Also, they seem to have left out missions that end in the Lagrange points. L1
is about 1% of the way to the Sun, and SoHO (for one) went there in 1996 and
is still operating there. L2 is 1% in the opposite direction, and WMAP and
Planck are/were there in 2009 when that map was made.

Finally, I think Stereo A and B may not be not there either; they trail/lead
the Earth in its orbit; now they are almost on the opposite side of the Sun
compared to Earth ([http://stereo-
ssc.nascom.nasa.gov/where.shtml](http://stereo-
ssc.nascom.nasa.gov/where.shtml)).

------
TeMPOraL
This poster could use a timestamp.
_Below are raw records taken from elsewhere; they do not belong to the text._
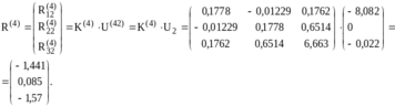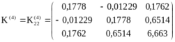 Перейдем теперь к решению задачи 2. Узловая нагрузка определяется как реакции во введенных связях в задаче 1, взятые с обратным знаком. В нашем случае в качестве нагрузки будет фигурировать только горизонтальное усилие в узле 1 (рис.35). Следовательно, вектор внешней нагрузки Р будет следующим:Теперь построим матрицы жесткости всех элементов системы. Вопрос построения матриц жесткости был подробно рассмотрен выше, поэтому здесь приведем только построенные матрицы жесткости в глобальной системе координат3:
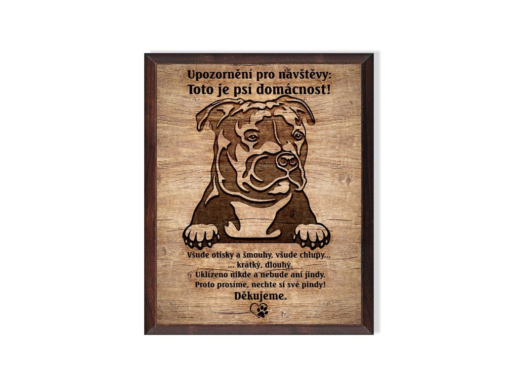 Obrázek s Stafordšírem je vytištěn sublimačním tiskem a umístěn na mdf podložku. Má stálé a syté barvy. Velikost obrázku i s podložkou je 25x20 cm
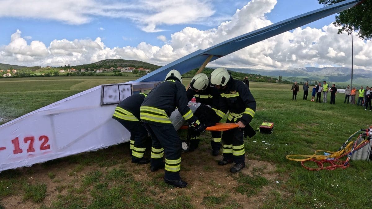 Sukladno scenariju vježbe, prilikom slijetanja avion se znatno oštetio a pilot se ozlijedio i bio u kabini bez svijesti. Uslijedile su intervencije članova aerokluba Sinj u početnom gašenju manjeg požara na avionu a odmah po dolasku pripadnika JVP Sinj, pristupilo se oslobađanju ozlijeđenog pilota koji je izvađen iz olupine i predan pristigloj ekipi HMP na obradu i daljnje postupanje. Vatrogasci JVP Sinj dovršili su gašenje olupine aviona a DVD Sinj pogasio je požar na otvorenim površinama oko same olupine. Cijelo vrijeme pripadnici MUP - a osiguravali su šire područje vježbe i osigurali brz protok vozilima svih žurnih službi.
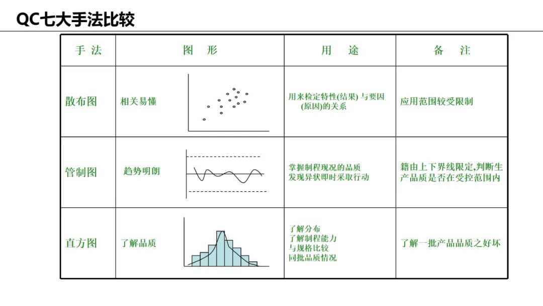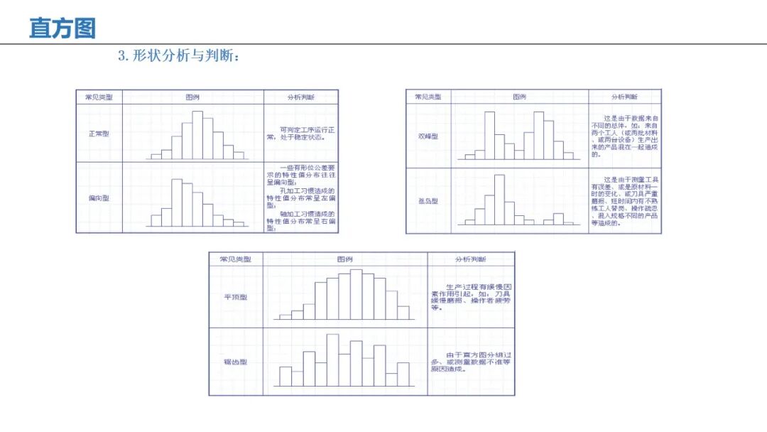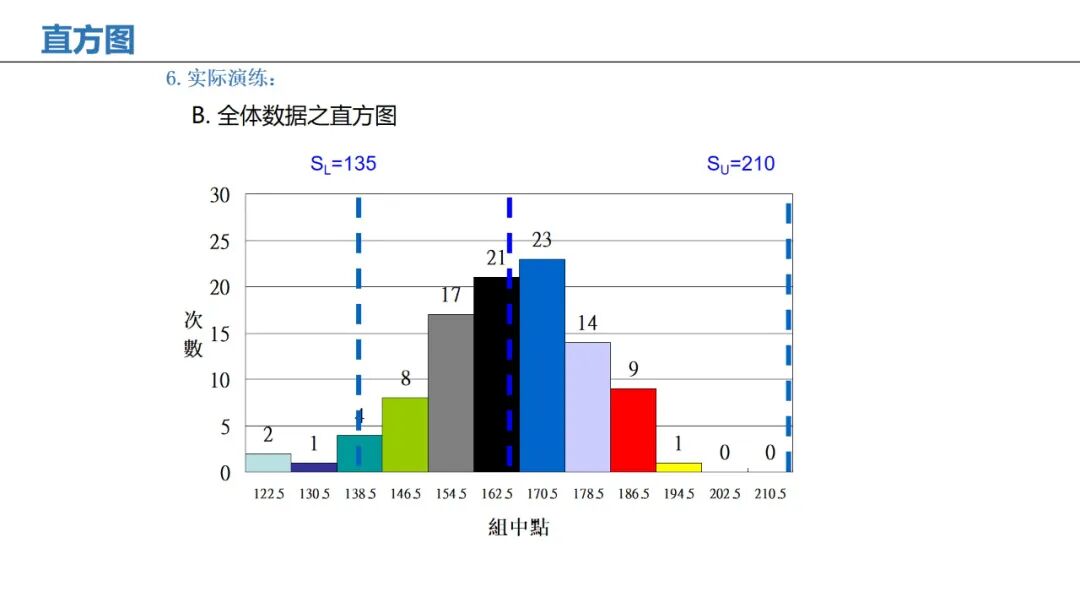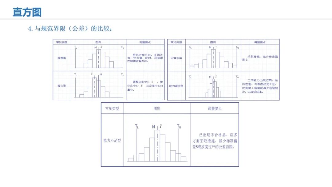 应用:显示数据分布情况,判断过程稳定性和规格符合度。
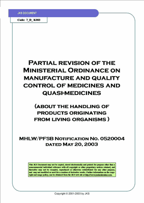 JK Services is making for first time available in English the full translation of a key regulatory document related to the Japanese GMP. Upon the adoption in May 2003 of the "Standards for Raw Materials Originating from Living Organisms", the presented here MHLW Notification No. 0520004 specified the the amended details of the cGMP regulations including the newly set forth terms for retaining the records and the samples, covering both the cases of medicines (pharmaceuticals and biologicals) and medical devices. 28 pages document. Click here to visit the store. |
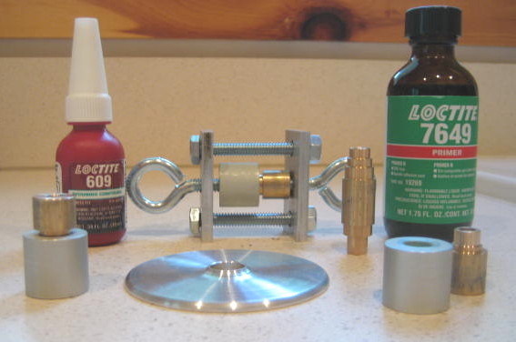 Before committing real parts to the process, I made 3 sets of cylindrical test parts. These have the same mating surface diameter (7/16) and axial engagement (0.180) as the reel spool parts. They also have tapped holes so that eye bolts can be attached. Diametral clearance is 0.001 to 0.002, and the aluminum is anodized as described in a May 4, 2010 entry of this blog. I used the primer only on the aluminum part. After 3 days of cure, I was ready to test the joints for strength. If the joints would hold 50 pounds or so, I would consider them adequate.
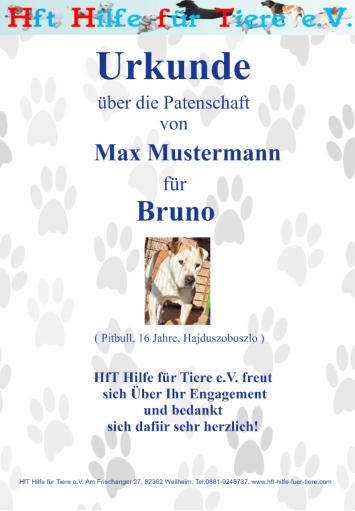 übernehmen. Sie erhalten auf Wunsch eine Patenschaftsurkunde
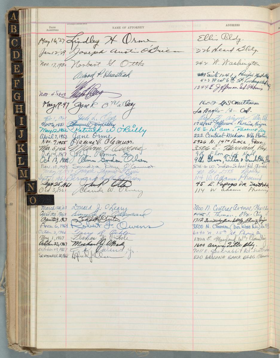 This document is a register of attorneys who were admitted to practice law before the United States District Court for the District of Arizona. The register includes an entry on November 10, 1958, documenting Sandra Day O’Connor’s addition to those who were approved to practice before the court.

As other commenter mentioned, this map is
from 2009 [0], but even not minding that, if I were ever to print it and put
in on a wall, the date would be relevant to anyone who looked at it.

[0] -
[https://news.ycombinator.com/item?id=6957391](https://news.ycombinator.com/item?id=6957391)

------
furyg3
It's amazing to me how little we must know about Uranus and Neptune...

------
monsterix
It will be very interesting to see how and when this outreach will turn into a
show of territorial solidarity. It _will_ happen sooner or later! In fact,
looking at the rate at which they are now discovering exoplanets, and probably
will soon find some intelligent life too, I am curious how this outreach would
become the zone that is under the protection or stewardship of planet earth.
Or someone else's if that be the case.